Your programme is not about calorie-counting, but this example will give you a sense of how effective even a little exercise can be:
walking one mile in fifteen minutes burns around 45 – 70 calories; gardening for ten minutes, around 40 – 65 calories; ten minutes walking up stairs around 175 – 230 calories.
Here’s how to incorporate activity into your day the easy way…
Taking a first step towards building exercise into our day can be as easy as doing more of, or doing a little more energetically, what we are already doing. Walk the dog a little more briskly, walk an extra bus stop, walk or run up stairs instead of taking the lift or escalator, dig a little harder in the vegetable patch, ditch the car whenever you can cycle or walk the trip instead, have a swim, play with the kids in the park or backyard, rediscover your inner child and rough-and-tumble with the little ones, and dust and polish with gusto! Use whatever fits most easily into your regular routine.
Building it in to build up the benefits
This is where you need to look at how your day is structured and the various calls there are already on your precious time. Regular and moderate exercise is the aim, building up long-term to ideally sixty minutes on most days – it does not have to be every day.
Who has an hour to spare, you cry. No one. That’s why capitalising on those areas already fixed in your daily routine is the way to tackle it – you don’t need a spare hour.
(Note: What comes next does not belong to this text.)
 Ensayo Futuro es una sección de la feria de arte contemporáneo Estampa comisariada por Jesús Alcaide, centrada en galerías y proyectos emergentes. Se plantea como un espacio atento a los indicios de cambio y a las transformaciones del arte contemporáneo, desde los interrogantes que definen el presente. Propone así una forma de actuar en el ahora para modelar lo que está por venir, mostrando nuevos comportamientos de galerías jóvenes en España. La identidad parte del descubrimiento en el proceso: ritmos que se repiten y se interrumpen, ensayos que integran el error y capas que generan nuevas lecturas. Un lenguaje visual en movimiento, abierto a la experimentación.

Break down the sixty minutes into three twenty-minute slots (or however it works best for you) and most days you’ll be able to do it. For example, the extra bus stop might be ten minutes at each end of the day, the dog-walk is surely 20 minutes and between stairs, children, washing the car, whatever you do there’s the other 20. You get the idea…
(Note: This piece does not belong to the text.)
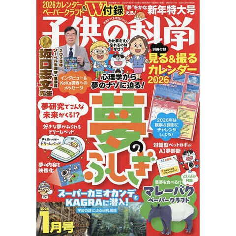 ★【特集】心理学から夢のナゾにせまる! 夢のふしぎ眠っているときに夢を見ていた気がするのに、起きたら内容を忘れていたという経験はありませんか。そもそも、なぜ夢を見るのでしょうか?睡眠と夢の関係や、悪夢を見るしくみ、予知夢はあるの?など、夢について、心理学から迫ります。自分が見たい夢を見ることって、できるのでしょうか?★【特集】スーパーカミオカンデとKAGRAにKoKa編集部が潜入したぞ!岐阜県飛騨市神岡町にある、「スーパーカミオカンデ」と「KAGRA」の内部に、KoKa編集部が潜入!宇宙の謎を解明するための手がかりとなる観測をしている施設で、中に入る機会はめったにありません。さて、どのような装置があり、どのような活動をしているのでしょうか?★2025年ノーベル賞2025年ノーベル生理学・医学賞を受賞した、坂口志文先生にインタビュー。子供の頃はどんなことに興味があったのか、今回の受賞につながった研究はいつからどのように始められたのか、たっぷりお話を伺いました。★【別冊付録】2026年は観察&撮影にチャレンジしよう 見る&撮るカレンダー2026観察するとおもしろいアイデアを毎月提案しているカレンダーです。その時期に合わせた観察テーマで、観察と撮影のポイントを紹介しています。空や自然を観察して、スマホやカメラでの撮影に挑戦してみませんか?★【とじ込み付録】悪夢を食べてくれる? マレーバクペーパークラフト「悪夢を食べてくれる」という伝説をがあるバク(マレーバク)のペーパークラフトです。つくって枕元に置いておくと、悪夢を見なくなるかもしれません!?
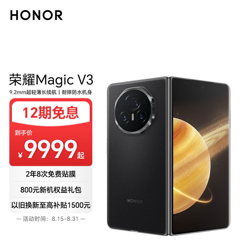 荣耀Magic V3 新款折叠屏 超轻薄长续航 耐摔防水机身 第三代骁龙8 16+512 绒黑色 拍照 5G AI智能手机价格:9999.00元!

Raise the rate and lift your heart
Moderate aerobic exercise means just enough to raise your heart rate and breathing rate. It puts no strain on joints, and incorporating an hour’s aerobic activity into the day is a great way to burn body fat.
Aerobic exercise can also make us feel good about ourselves; calmer, more relaxed, mentally more alert – literally energised. Physically it improves muscle tone and flexibility, it helps enormously towards getting a good night’s sleep, and burning fat – instead of high-energy sugar – controls our appetite so you’re a lot less likely to overeat.
As for the long list of preventable diseases associated with being overweight, exercise lowers the risk factors right from the start and exponentially: from cardiovascular disease and cancers to type 2 diabetes. It may even reduce the risk of dementia.